Data for review >>
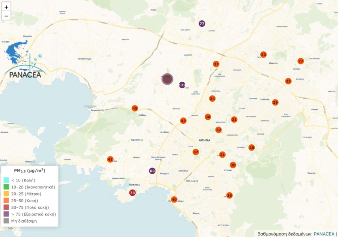 Στον χάρτη που αποτυπώνονται οι μετρήσεις από 11 αισθητήρες του Εθνικού Αστεροσκοπείου, η Πετρούπολη έχει το πιο «βαθύ κόκκινο», αφού από το βράδυ της Τρίτης οι συγκεντρώσεις σωματιδίων δεν έχουν πέσει κάτω από τα 100 μικρογραμμάρια, ενώ η σύσταση είναι οι κάτοικοι να μένουν σπίτι, με διαρκή λειτουργία κλιματισμού ειδικά εάν υπάρχουν ευάλωτες ομάδες και «απαγορευτικό» σε δραστηριότητες όπως τρέξιμο. Η λιγότερο επιβαρυμένη περιοχή, είναι η Γλυφάδα.
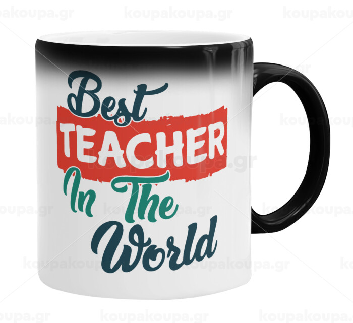 Best teacher in the World!, Color changing magic Mug, ceramic, 330ml when adding hot liquid inside, the black colour desappears (1 pcs)
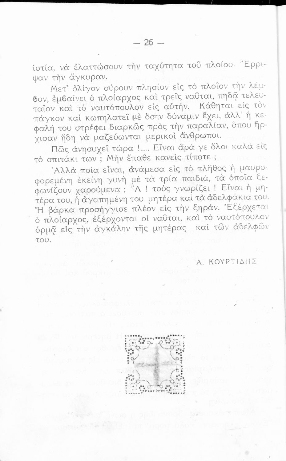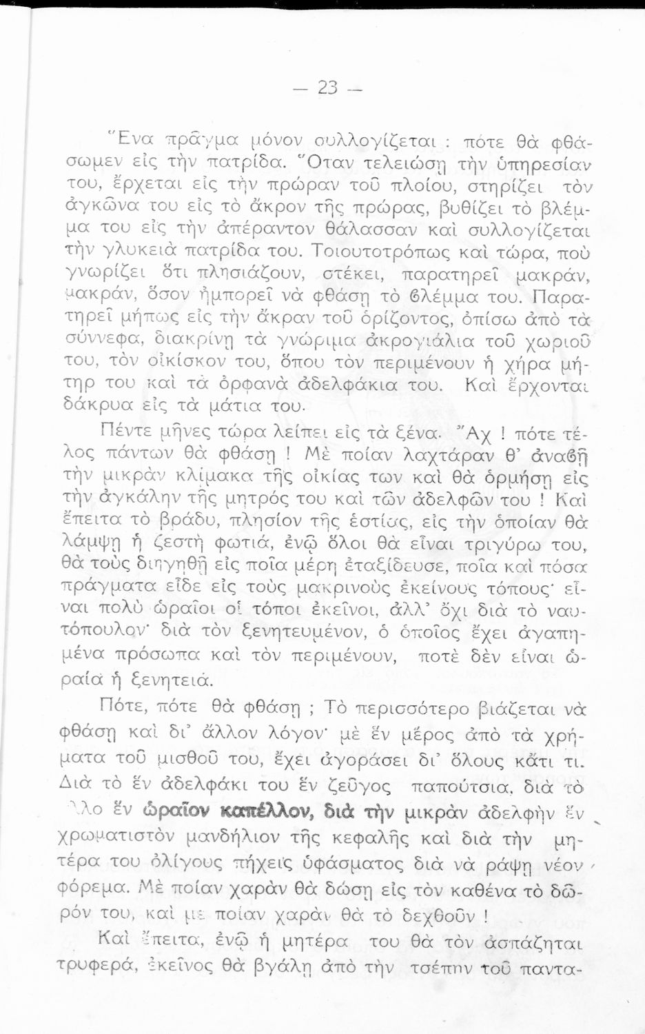 Αναγνωστικό Ε΄ Δημοτικού που αποτελείται από πεζά γραμμένα σε καθαρεύουσα και ποιήματα σε δημοτική εμπνευσμένα από την οικογένεια, τη θρησκεία, την μυθολογία και ιστορία, την υγιεινή, την πατρίδα, την ελληνική φύση, την αγάπη για τα ζώα, τις καθημερινές ασχολίες και επαγγέλματα και τις ηθικές αρετές.
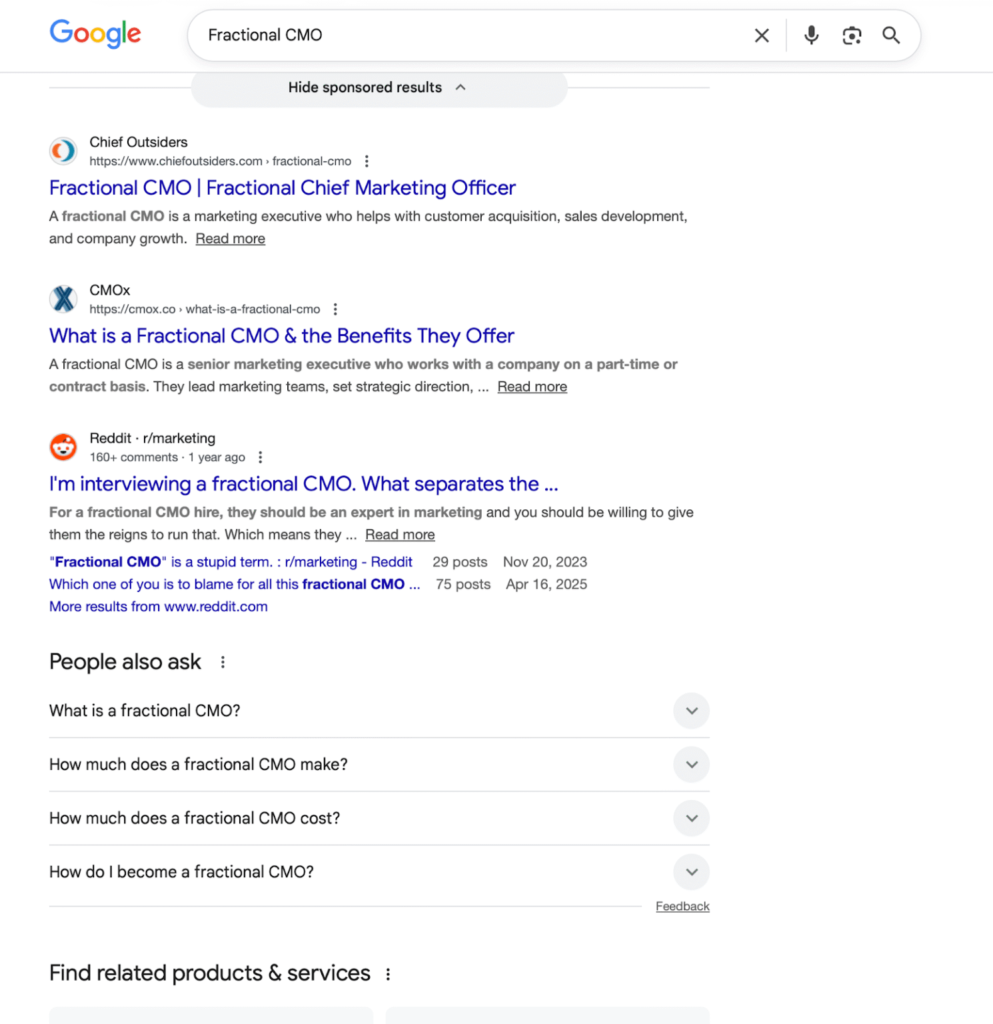 让我们看看在谷歌搜索”fractional CMO”的结果。如果用户想为他们的初创公司评估多个fractional CMO选项,在谷歌搜索中做这件事比在ChatGPT中更费力。首屏只出现两个选项,每个都需要点击才能阅读其网站内容。
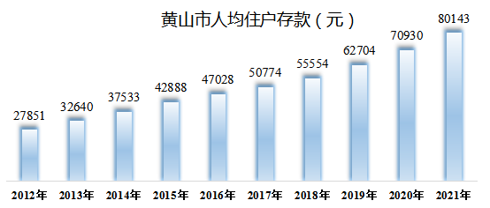 数据显示,2021年,黄山市常住人口人均存款增加至8万多元,比10年前净增5万多元,居全省第2位。
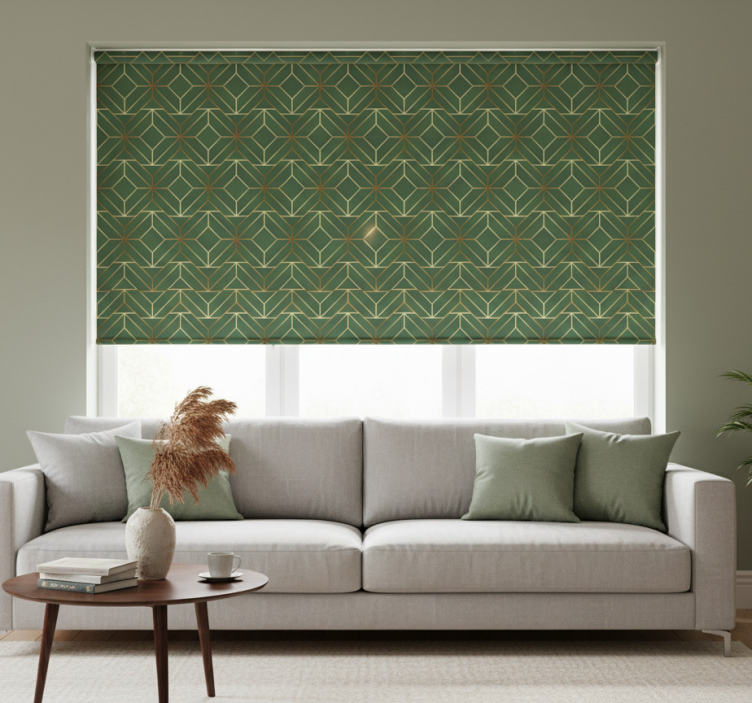 복잡한 패턴은 조화롭게 배열된 일련의 기하학적 형태로 구성되어 있으며, 부드러운 자연적인 선들이 가미된 다양한 녹색 음영을 특징으로 합니다. 이 디자인은 자연의 느낌을 불러일으키며, 잎사귀와 유기적인 형태를 연상시킵니다. 리드미컬한 반복이 시각적인 흥미를 만들어내며, 현대적인 미학과 우아함이 조화를 이루고 있습니다. 모던 블라인드 금색 테두리의 메탈릭 그린 사각형
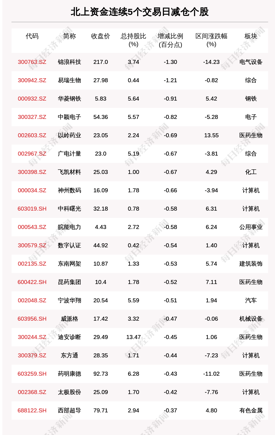 每经AI快讯,2月9日,北上资金连续5个交易日卖出75个股。北上资金连续5个交易日减仓个股中,锦浪科技(300763.SZ,收盘价:217.0元)减持比例增幅最大,5个交易日减持1.30百分点,其他跌幅较大的个股包括易瑞生物(300942.SZ,收盘价:27.98元)、华菱钢铁(000932.SZ,收盘价:5.83元)、中颖电子(300327.SZ,收盘价:54.36元),分别减持1.21个百分点、0.91个百分点、0.82个百分点。
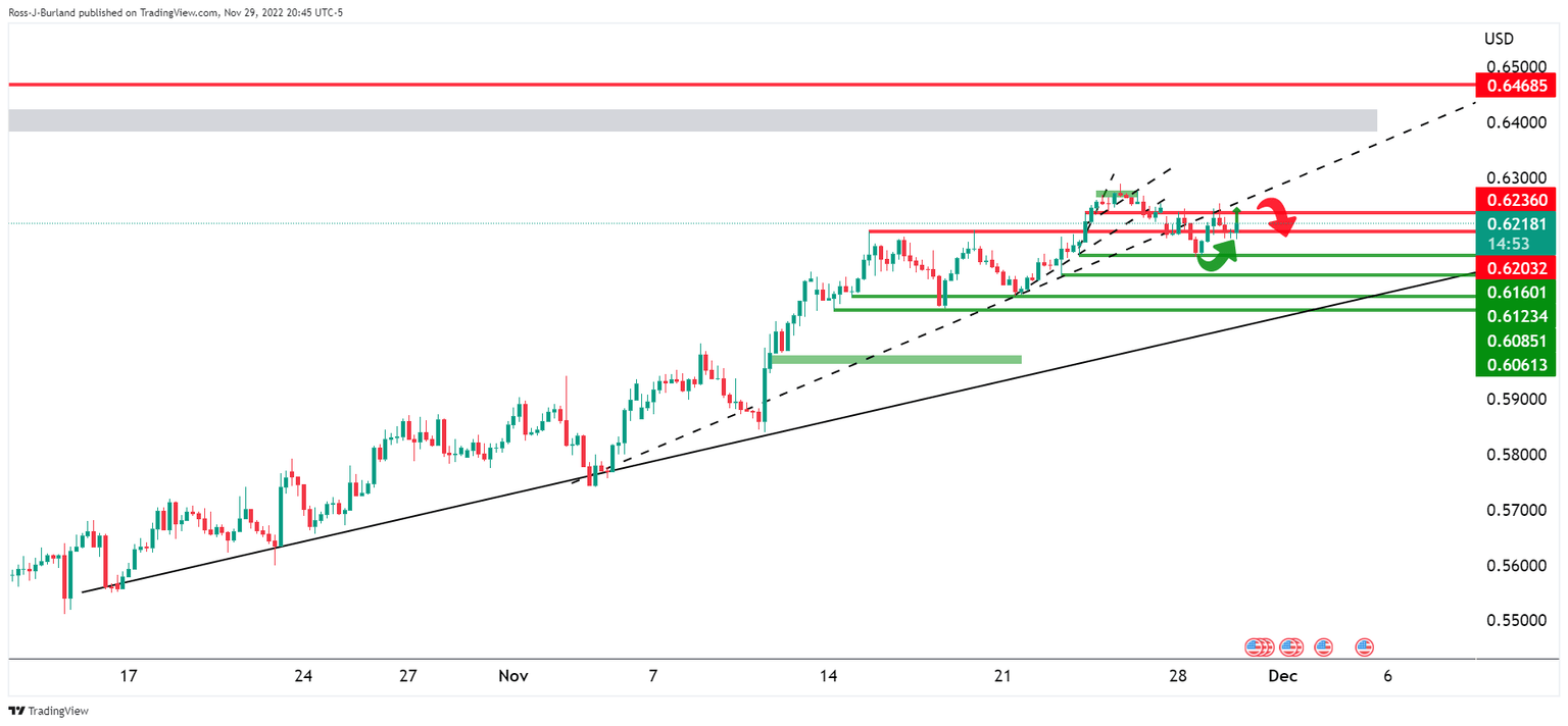 - 0.6250 is eyed on a break of the resistance near 0.6225.
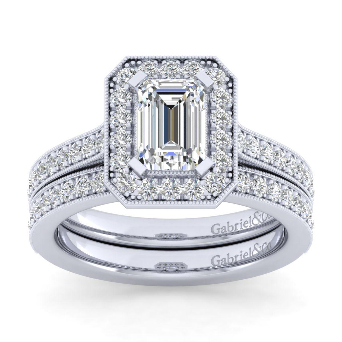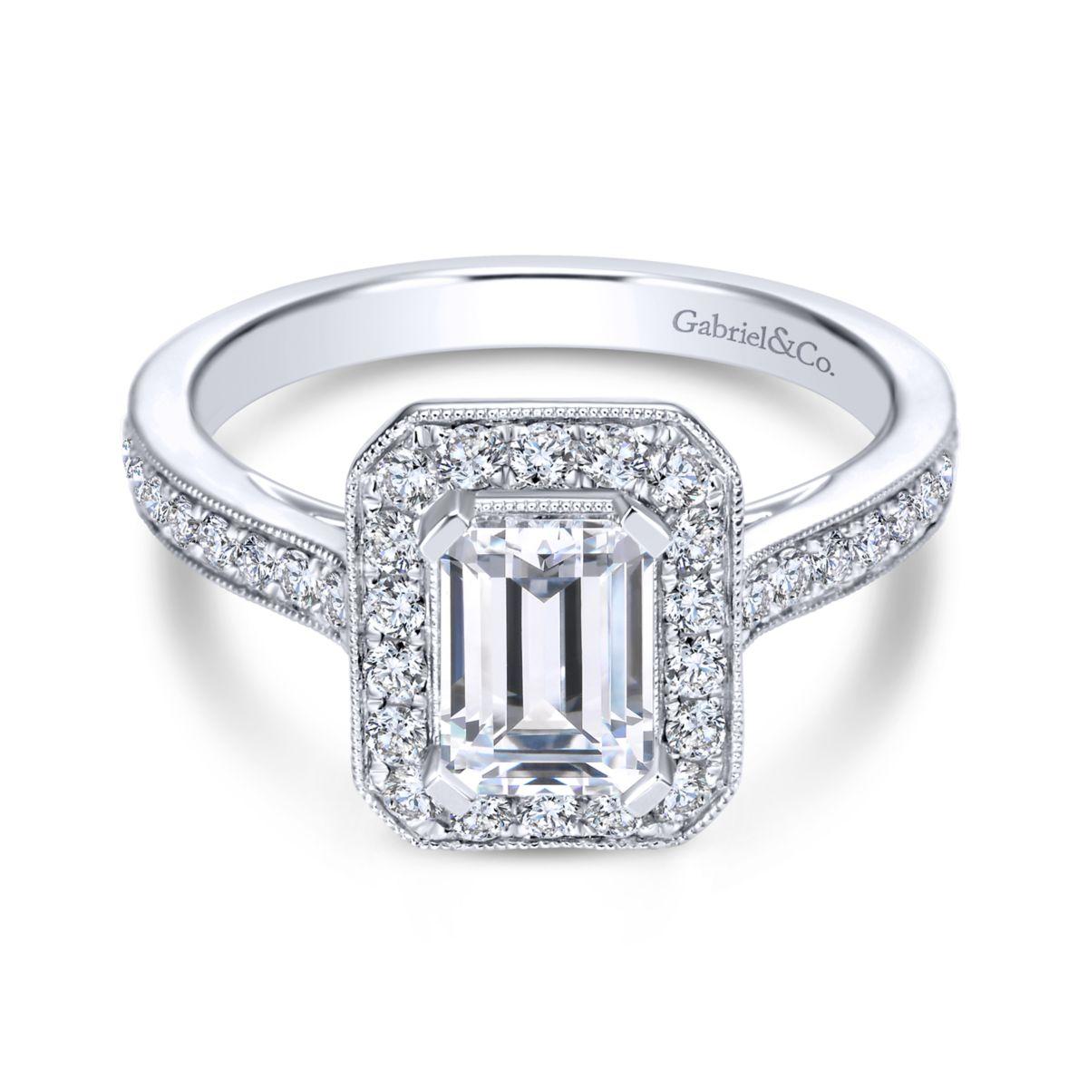 HOME / Gabriel & Co. 14k White Gold Victorian Halo Engagement Ring
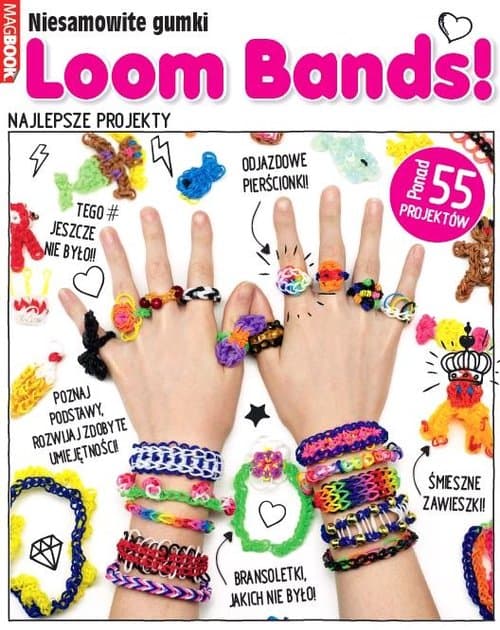 Książka z ponad 55 wzorami kształtów, jakie można wyczarować z gumek Loom Bands – bransoletki, maskotki, koniki, a nawet parasolka. To wszystko w jednej książce, bogato ilustrowanej, ze zdjęciami instruktażowymi
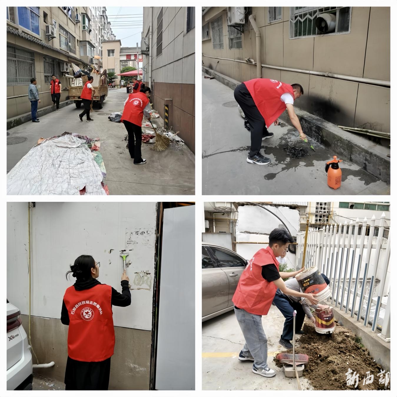 4月29日,石泉縣民政局全體干部職工下沉網(wǎng)格開展集中攻堅(jiān)。大家分組行動,手持工具清理綠化帶垃圾、鏟除墻面“牛皮癬”、規(guī)范非機(jī)動車停放,對背街小巷、樓道角落進(jìn)行“地毯式”清掃。行動當(dāng)天,共清運(yùn)垃圾1車,整治亂堆亂放點(diǎn)位20余處,社區(qū)面貌煥然一新。居民大姐稱贊道:“角落里這些雜物拾掇干凈了,看著都舒心!”
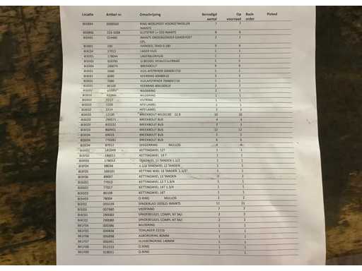 Partij Imants onderdelen afkomstig van overtollige dealer voorraad, lijst met onderdeelsnummer vermeld
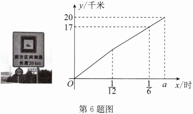 6. (2024·长春) 区间测速是指在某一路段前后设置两个监控点,根据车辆通过两个监控点的时间来计算车辆在该路段上的平均行驶速度. 小春驾驶一辆小型汽车在高速公路上行驶,其间经过一段长度为 20 千米的区间测速路段,从该路段起点开始,他先匀速行驶 $ \frac{1}{12} $ 小时,再立即减速以另一速度匀速行驶 (减速时间忽略不计),当他到达该路段终点时,测速装置测得该辆汽车在整个路段行驶的平均速度为 100 千米/时. 汽车在区间测速路段行驶的路程 $ y $(千米) 与在此路段行驶的时间 $ x $(时) 之间的函数图象如图所示.
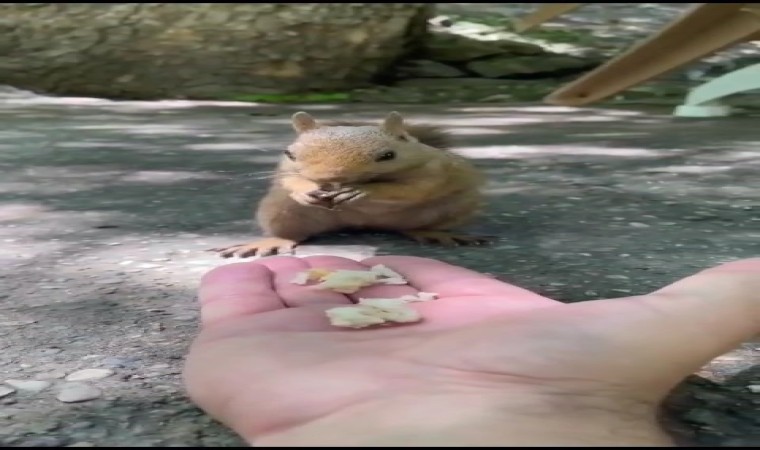 Piknik yaparken sevimli bir sürprizle karşılaştıklarını aktaran Ali Özdemir, "Doğayla baş başa kalmak için Halbori Gözelerine gittik. Yanımıza sevimli bir sincap geldi. Yabani bir hayvan olduğu için bizden uzaklaşacağını düşündük. Fakat sincap düşündüğümüzün aksine yanımıza geldi. Onu avucumuzda besledik. Sincap günümüze renk kattı" dedi.
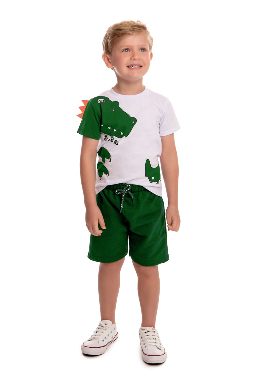 / Conjunto Camiseta Meia Malha Dino c/ Bermuda Moletinho
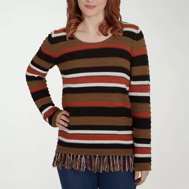 Hearts Of Palm Plus Womens Long Sleeve Striped Pullover Sweater
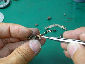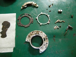 スローガバナーのゼンマイ部分が変形して、動きが悪くなっていましたので、修正して組み立てます。 |

Task requirements >>
Copy every line of the data exactly as written, excluding the pictures.

Answer box >>
 Στον χάρτη που αποτυπώνονται οι μετρήσεις από 11 αισθητήρες του Εθνικού Αστεροσκοπείου, η Πετρούπολη έχει το πιο «βαθύ κόκκινο», αφού από το βράδυ της Τρίτης οι συγκεντρώσεις σωματιδίων δεν έχουν πέσει κάτω από τα 100 μικρογραμμάρια, ενώ η σύσταση είναι οι κάτοικοι να μένουν σπίτι, με διαρκή λειτουργία κλιματισμού ειδικά εάν υπάρχουν ευάλωτες ομάδες και «απαγορευτικό» σε δραστηριότητες όπως τρέξιμο. Η λιγότερο επιβαρυμένη περιοχή, είναι η Γλυφάδα.
 Best teacher in the World!, Color changing magic Mug, ceramic, 330ml when adding hot liquid inside, the black colour desappears (1 pcs)
 Αναγνωστικό Ε΄ Δημοτικού που αποτελείται από πεζά γραμμένα σε καθαρεύουσα και ποιήματα σε δημοτική εμπνευσμένα από την οικογένεια, τη θρησκεία, την μυθολογία και ιστορία, την υγιεινή, την πατρίδα, την ελληνική φύση, την αγάπη για τα ζώα, τις καθημερινές ασχολίες και επαγγέλματα και τις ηθικές αρετές.
 让我们看看在谷歌搜索”fractional CMO”的结果。如果用户想为他们的初创公司评估多个fractional CMO选项,在谷歌搜索中做这件事比在ChatGPT中更费力。首屏只出现两个选项,每个都需要点击才能阅读其网站内容。
 数据显示,2021年,黄山市常住人口人均存款增加至8万多元,比10年前净增5万多元,居全省第2位。
 복잡한 패턴은 조화롭게 배열된 일련의 기하학적 형태로 구성되어 있으며, 부드러운 자연적인 선들이 가미된 다양한 녹색 음영을 특징으로 합니다. 이 디자인은 자연의 느낌을 불러일으키며, 잎사귀와 유기적인 형태를 연상시킵니다. 리드미컬한 반복이 시각적인 흥미를 만들어내며, 현대적인 미학과 우아함이 조화를 이루고 있습니다. 모던 블라인드 금색 테두리의 메탈릭 그린 사각형
 每经AI快讯,2月9日,北上资金连续5个交易日卖出75个股。北上资金连续5个交易日减仓个股中,锦浪科技(300763.SZ,收盘价:217.0元)减持比例增幅最大,5个交易日减持1.30百分点,其他跌幅较大的个股包括易瑞生物(300942.SZ,收盘价:27.98元)、华菱钢铁(000932.SZ,收盘价:5.83元)、中颖电子(300327.SZ,收盘价:54.36元),分别减持1.21个百分点、0.91个百分点、0.82个百分点。
 - 0.6250 is eyed on a break of the resistance near 0.6225.
 HOME / Gabriel & Co. 14k White Gold Victorian Halo Engagement Ring
 Książka z ponad 55 wzorami kształtów, jakie można wyczarować z gumek Loom Bands – bransoletki, maskotki, koniki, a nawet parasolka. To wszystko w jednej książce, bogato ilustrowanej, ze zdjęciami instruktażowymi
 4月29日,石泉縣民政局全體干部職工下沉網(wǎng)格開展集中攻堅(jiān)。大家分組行動,手持工具清理綠化帶垃圾、鏟除墻面“牛皮癬”、規(guī)范非機(jī)動車停放,對背街小巷、樓道角落進(jìn)行“地毯式”清掃。行動當(dāng)天,共清運(yùn)垃圾1車,整治亂堆亂放點(diǎn)位20余處,社區(qū)面貌煥然一新。居民大姐稱贊道:“角落里這些雜物拾掇干凈了,看著都舒心!”
 Partij Imants onderdelen afkomstig van overtollige dealer voorraad, lijst met onderdeelsnummer vermeld
 6. (2024·长春) 区间测速是指在某一路段前后设置两个监控点,根据车辆通过两个监控点的时间来计算车辆在该路段上的平均行驶速度. 小春驾驶一辆小型汽车在高速公路上行驶,其间经过一段长度为 20 千米的区间测速路段,从该路段起点开始,他先匀速行驶 $ \frac{1}{12} $ 小时,再立即减速以另一速度匀速行驶 (减速时间忽略不计),当他到达该路段终点时,测速装置测得该辆汽车在整个路段行驶的平均速度为 100 千米/时. 汽车在区间测速路段行驶的路程 $ y $(千米) 与在此路段行驶的时间 $ x $(时) 之间的函数图象如图所示.
 Piknik yaparken sevimli bir sürprizle karşılaştıklarını aktaran Ali Özdemir, "Doğayla baş başa kalmak için Halbori Gözelerine gittik. Yanımıza sevimli bir sincap geldi. Yabani bir hayvan olduğu için bizden uzaklaşacağını düşündük. Fakat sincap düşündüğümüzün aksine yanımıza geldi. Onu avucumuzda besledik. Sincap günümüze renk kattı" dedi.
 / Conjunto Camiseta Meia Malha Dino c/ Bermuda Moletinho
 Hearts Of Palm Plus Womens Long Sleeve Striped Pullover Sweater
 スローガバナーのゼンマイ部分が変形して、動きが悪くなっていましたので、修正して組み立てます。 |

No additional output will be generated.